[proofplan]
We first rewrite each entry of the sample covariance matrix in terms of empirical first and second moments. The [weak law of large numbers](/theorems/1851) gives convergence in probability of these finitely many empirical moments, so each entry of $S_n$ converges to the corresponding entry of $\Sigma$. Since the dimension $p$ is fixed, entrywise convergence implies operator-norm convergence. Weyl's eigenvalue perturbation bound then gives convergence of ordered eigenvalues, and a direct spectral-gap estimate proves convergence of a signed eigenvector when the population eigenvalue is simple.
[/proofplan]
[step:Reduce the sample covariance entries to empirical moments]

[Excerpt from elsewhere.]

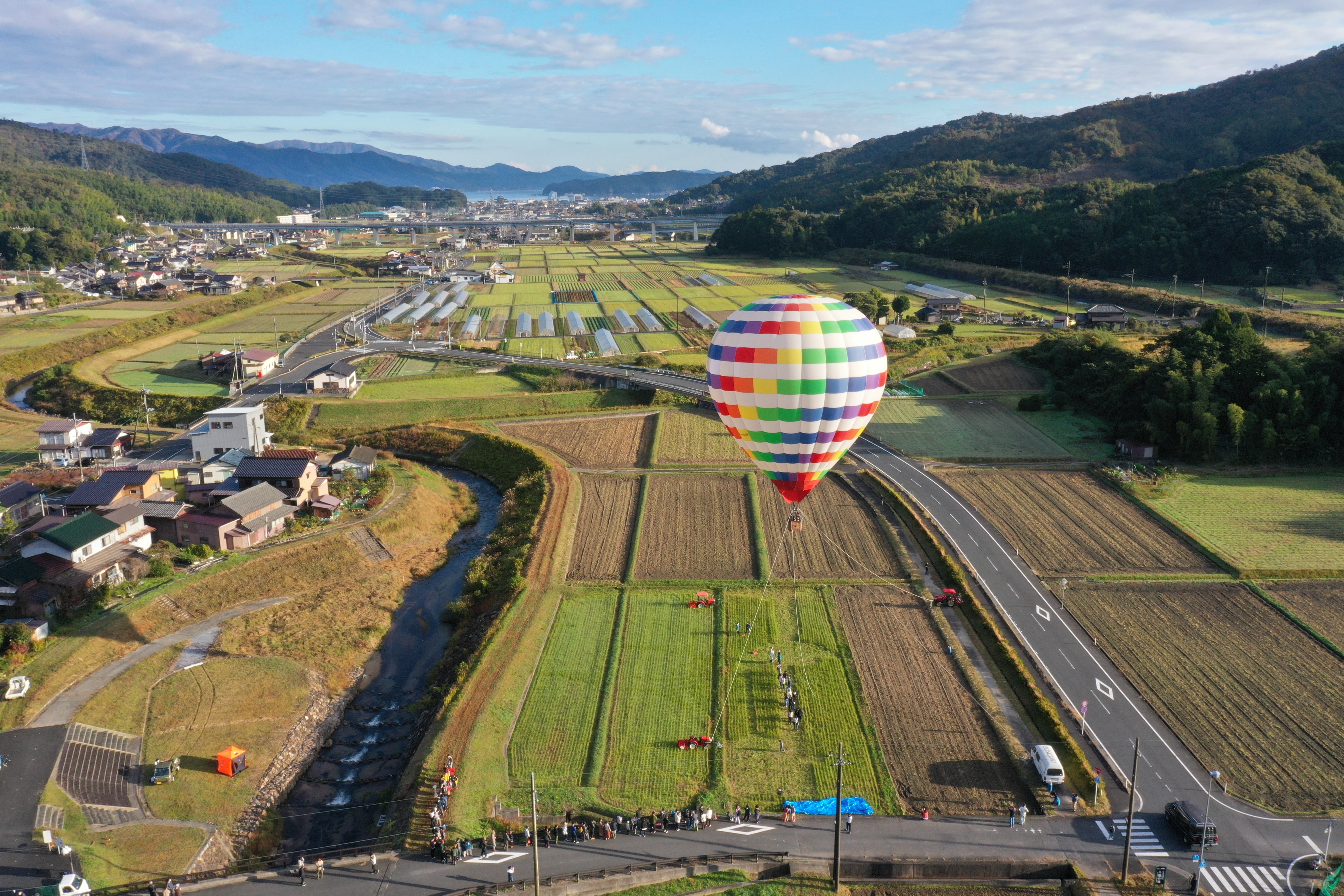 当日は天気にも恵まれ、主催者のmusubiさん、カミヤズラボの皆さん、地域の方々、ユニークな出店者さんたち、遊びに来てくださった方たちのおかげで大盛況な一日となりました。来場者数は600人、気球への搭乗者は150人前後で、自治区の催しでこんなに人が集まったのは前代未聞だった、と自治会長さんから労いのお言葉を頂きました。上宮津という地区は本当にエネルギッシュで助け合いとおもてなしの精神が高く、そのような機会を頂いた私の方こそ、感謝するばかりです。途中で風が出てしまい、安全を考慮して即座に中止にいたしました。長時間お待ち頂いたのにご搭乗頂けなかった皆さまには、心よりお詫び申し上げます。私自身、非常に残念で、必ずまた同じ様な機会を作りたいと心に誓っています。また、課題も沢山見つかりました。それらの課題を改善し、皆さまへ安全で夢いっぱいの空間をお届けできるようにこれからも精進して参ります。引き続き、応援を頂けますと幸いです。山尾太郎
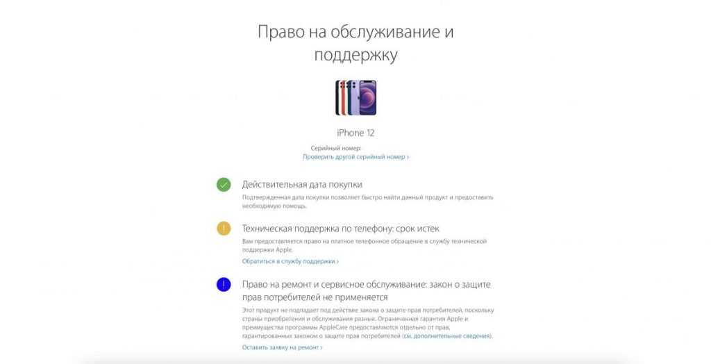 На сайте Apple можно проверить право на сервисное обслуживание данной модели. Увидеть, распространяется ли на смартфон гарантия.

For $j,\ell \in \{1,\dots,p\}$, let $X_{r,j}$ denote the $j$-th coordinate of $X_r$. Define the empirical coordinate mean $M_{j,n}: \Omega \to \mathbb{R}$ and the empirical second moment $Q_{j\ell,n}: \Omega \to \mathbb{R}$ by
\begin{align*}
M_{j,n} &= \frac{1}{n}\sum_{r=1}^n X_{r,j},\\
Q_{j\ell,n} &= \frac{1}{n}\sum_{r=1}^n X_{r,j}X_{r,\ell}.
\end{align*}
The $(j,\ell)$ entry of $S_n$ is
\begin{align*}
(S_n)_{j\ell}
&= \frac{1}{n}\sum_{r=1}^n (X_{r,j}-M_{j,n})(X_{r,\ell}-M_{\ell,n})\\
&= Q_{j\ell,n}-M_{j,n}M_{\ell,n}.
\end{align*}
Also, writing $\mu_j = \mathbb{E}[X_{1,j}]$ for the $j$-th coordinate of $\mu$,
\begin{align*}
\Sigma_{j\ell}
&= \mathbb{E}\big[(X_{1,j}-\mu_j)(X_{1,\ell}-\mu_\ell)\big]\\
&= \mathbb{E}[X_{1,j}X_{1,\ell}] - \mu_j\mu_\ell.
\end{align*}
[guided]
The sample covariance is built from centered observations, but convergence is easiest to prove before centering. For each coordinate $j$, define
\begin{align*}
M_{j,n} &= \frac{1}{n}\sum_{r=1}^n X_{r,j},
\end{align*}
which is exactly the $j$-th coordinate of $\bar{X}_n$. For each coordinate pair $(j,\ell)$, define
\begin{align*}
Q_{j\ell,n} &= \frac{1}{n}\sum_{r=1}^n X_{r,j}X_{r,\ell}.
\end{align*}
Expanding the product in the definition of $S_n$ gives
\begin{align*}
(S_n)_{j\ell}
&= \frac{1}{n}\sum_{r=1}^n (X_{r,j}-M_{j,n})(X_{r,\ell}-M_{\ell,n})\\
&= \frac{1}{n}\sum_{r=1}^n X_{r,j}X_{r,\ell}
- M_{\ell,n}\frac{1}{n}\sum_{r=1}^n X_{r,j}
- M_{j,n}\frac{1}{n}\sum_{r=1}^n X_{r,\ell}
+ M_{j,n}M_{\ell,n}\\
&= Q_{j\ell,n}-M_{j,n}M_{\ell,n}.
\end{align*}
The same algebra holds at the population level. Since $\mu_j=\mathbb{E}[X_{1,j}]$ and $\mu_\ell=\mathbb{E}[X_{1,\ell}]$, the $(j,\ell)$ entry of the covariance matrix is
\begin{align*}
\Sigma_{j\ell}
&= \mathbb{E}\big[(X_{1,j}-\mu_j)(X_{1,\ell}-\mu_\ell)\big]\\
&= \mathbb{E}[X_{1,j}X_{1,\ell}] - \mu_\ell\mathbb{E}[X_{1,j}]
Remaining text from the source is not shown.